2. Methods
2.1. Participant Speakers
Twelve adults (six men and six women) who had undergone total laryngectomy and TE puncture voice restoration served as participant speakers for this investigation. The TE speakers who participated in this study ranged in age from 58 to 71 years of age. These participants had used TE speech for a minimum period of one year and were judged by a highly experienced clinician to be excellent examples of this mode of alaryngeal speech. All of the speakers exhibited excellent speech intelligibility, self-reported that they were in good general health, and confirmed that they remained communicatively active in both their vocational and avocational endeavors.
All speakers who provided samples used TE speech as their primary method of communication, had received radiation treatment postoperatively, and were native English speakers. Speaker samples were excluded if the individual reported any history of perioperative complications following laryngectomy and TE puncture or identified other medical conditions that might affect speech, language, or hearing, including oral or pharyngeal resection, cancer recurrence or a second primary cancer, or chronic obstructive pulmonary disease, asthma, persistent swallowing difficulties, or neurological disease.
2.2. Participant Listeners
Sixteen normal-hearing young adults (eight females and eight males), ranging in age from 22 to 27 years of age (mean age = 23; 9), who were enrolled as either undergraduate or graduate students at a single institution, were recruited as listeners in this study.

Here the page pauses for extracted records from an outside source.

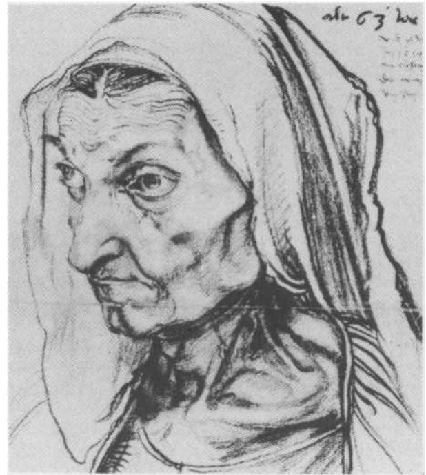
Fig. 2 The Artist's Mother (1514) by Albrecht Dürer

in 1514 shows her in late middle age, careworn and wasted, and with a divergent squint.
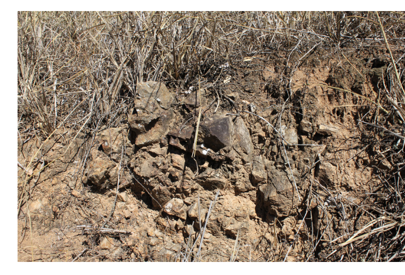
Pine Mountain along the Brisbane River at ipswich is so named for the presence of Hoop Pines that emerge above the scrubs of RE 12.11.13.

The soils and geology of RE 12.11.13 typically comprise a thin layer of red to brown loamy soil, with heavily fractured rock beneath. Road cuttings (right) and recent excavation works (above right) are a great place to see the geology exposed.
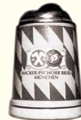
People, animals, Pschorr-Bräu Beer
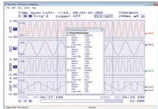
TracerDAQ Pro Strip Chart with Measurements.

TracerDAQ PRO is an enhanced version of TracerDAQ and is available as a purchased upgrade (SWD-TRACERDAQ-PRO). A comparison of some of the features included in TracerDAQ vs TracerDAQ PRO is featured below.
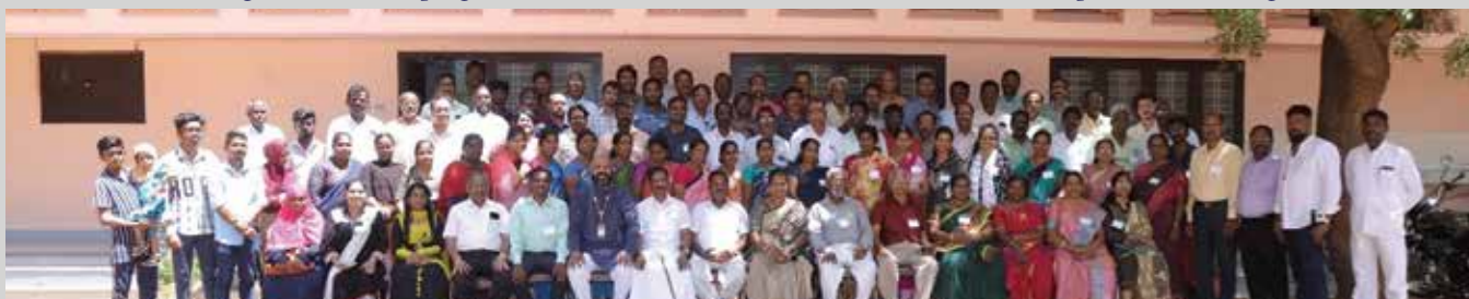
Group photo of the participants

All listeners were considered naïve to voice disorders and alaryngeal speech as they did not have any formal exposure to postlaryngectomy speech options or any education in the area of voice disorders, voice, or speech disorders associated with head and neck cancer. All listeners were native English speakers, and none had reported any history of speech, language, or hearing concerns. Permission to conduct this study was formally granted by the Research Ethics Board at the University of Western Ontario (#104645).
2.3. Speech Stimuli
High-quality digital audio recordings of the Rainbow Passage [
28] were obtained for all 12 TE speakers from a large archival library of TE speech samples. These samples were judged by two independent professional Speech-Language Pathologists (SLPs) to not be obviously associated with either gender. Thus, these samples were selected to be representative of a larger group of TE speakers. All original speech samples were recorded using a headset microphone (Shure SM10a; Shure Incorporated, Niles, IL, USA) and either a digital minidisk (MD) research-quality recorder (Sony MZ-R55; Sony Corp., New York, NY, USA) or a digital audiotape portable recorder (Sony PCM-M1), with all recordings being obtained in a quiet experimental setting, free of ambient noise. All recordings were digital originals recorded at a sampling rate of 48 kHz.

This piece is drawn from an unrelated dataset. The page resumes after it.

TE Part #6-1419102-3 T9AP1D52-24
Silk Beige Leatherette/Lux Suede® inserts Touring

Digital recordings were transferred to a personal computer and saved as WAV files using the acoustic software Audacity (version 2.0.6, Pittsburgh, PA, USA). Each sample was edited to extract the second sentence of the Rainbow Passage, “The rainbow is a division of white light into many beautiful colors”. Aside from the samples being edited to include this sentence exclusively, the only other editing that took place was the addition of 3 s of silence on either side of the sample sentence, to ensure that listeners could easily attend to the entire speech sample during the experimental listening tasks.
2.4. Orientation and Listening Procedure
As an a priori requirement of the experimental procedure, all listeners were required to participate in two listening sessions. Upon arrival for the first listening session, participant listeners were informed that the speech samples to which they would listen were abnormal voice samples where the quality of the voice was reduced from normal expectation. Each listener was then asked to listen to four TE speech samples (two males, two females) that were not part of the experimental stimuli. These four samples had been compiled into a single audio file so that each voice sample would play continuously, one after another. The purpose of this task was to familiarize and orient listeners to the unique types of voices on which they would soon be making judgements.

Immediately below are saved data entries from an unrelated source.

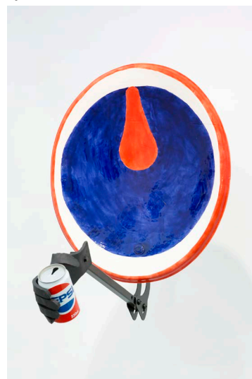
Emma Hart, Pepsi and Shirley , 2017 Glazed ceramic, steel 53 x 69 x 104 cm British Council Collection Photo: Renato Ghiazza Courtesy of the artist and The Sunday Painter
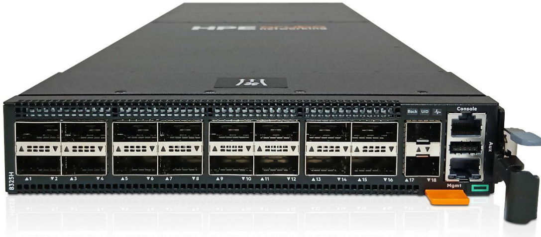
HPE Aruba Networking 8325-16C
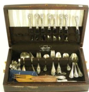
Lot # 409
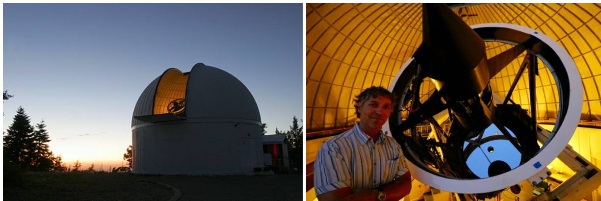
Figure 2 – The 1.5-m Catalina Sky Survey telescope on Mount Lemmon, MPC code G96.

The Catalina Sky Survey 60-inch survey telescope on Mount Lemmon, MPC code G96, has been a significant contributor to the annual Near-Earth Object discovery statistics since 2005. Indeed, as of 2020, G96 is the most prolific single telescope in the grand total of NEOs discovered (7,814) and NEO observations (178,966), as well as of incidental observations of asteroids of all kinds (45,715,932).

This exposure task was included to reduce any potential surprise related to the unusual and abnormal voice qualities that often characterize TE speech. By doing so, we believed that potential confounds related to less favorable ratings of early samples due to the unusual acoustic nature and listener adaptation could be reduced. While the gender of each of the four exposure samples was not specified, listeners were told that these samples would include both male and female voices. Listeners were allowed to listen to these familiarization samples as many times as they desired before formally beginning the experimental rating session.
Each listener had control over the computer mouse so that he/she could independently select and repeat the audio file as many times as desired. Listeners completed this task while seated comfortably at a personal computer (Dell, Round Rock, TX, USA), listening to the audio files via headphones (Sony MDRV-150); each listener was able to independently adjust the listening volume to a comfortable loudness level. Once the listener was ready to begin the experimental rating task, he/she was presented with a randomized playlist of the 16 TE voice samples (12 primary samples and 4 duplicates, for reliability) and a series of rating scales that were provided on paper in numerical order, 1 through 16. Two auditory-perceptual dimensions were assessed in the sessions, either “speech acceptability” (SA) or a dimension termed “listener comfort” (LC).
In the first listening session, the gender of each sample was indicated in the margin on the rating form for each sample by the letter “F” for female or “M” for male. However, in this first listening session, the gender indicated was in actuality the opposite of the speaker’s true gender. For the purposes of data analysis, this first session was identified as “Gender Opposite”. Each listener was asked to read the definition of the feature on which he/she would be making their judgments (either SA or LC) and was then asked to systematically play the list of randomized voice samples and rate each one independent of one another in a sequential manner.
2.5. Auditory-Perceptual Rating Task
For ratings of the auditory-perceptual feature SA, listeners were asked to rate a voice based on “The pitch, rate, understandability, and voice quality. In other words, is the voice pleasing to listen to or does it cause…some discomfort as a listener?” [
29]. Alternatively, ratings of the auditory-perceptual feature LC required the listener to rate samples based on “How comfortable would you feel listening to the person’s speech in a social situation?” [
30]. Each audio file was individually labeled as “Sample 1”, “Sample 2” … “Sample 16”, etc., and, accordingly, each rating scale provided was labeled with the same sample number. Upon listening to each consecutive sample, the listener bisected the line of the visual analog rating scale at the point that they believed best represented their judgment of that sample for each dimension; this procedure was followed identically for each of the randomized set of samples presented. Listeners could play each individual sample as many times as desired before making their judgment using the rating scale, but they were instructed that once a rating was made, it could not be altered later, nor could they return to past samples.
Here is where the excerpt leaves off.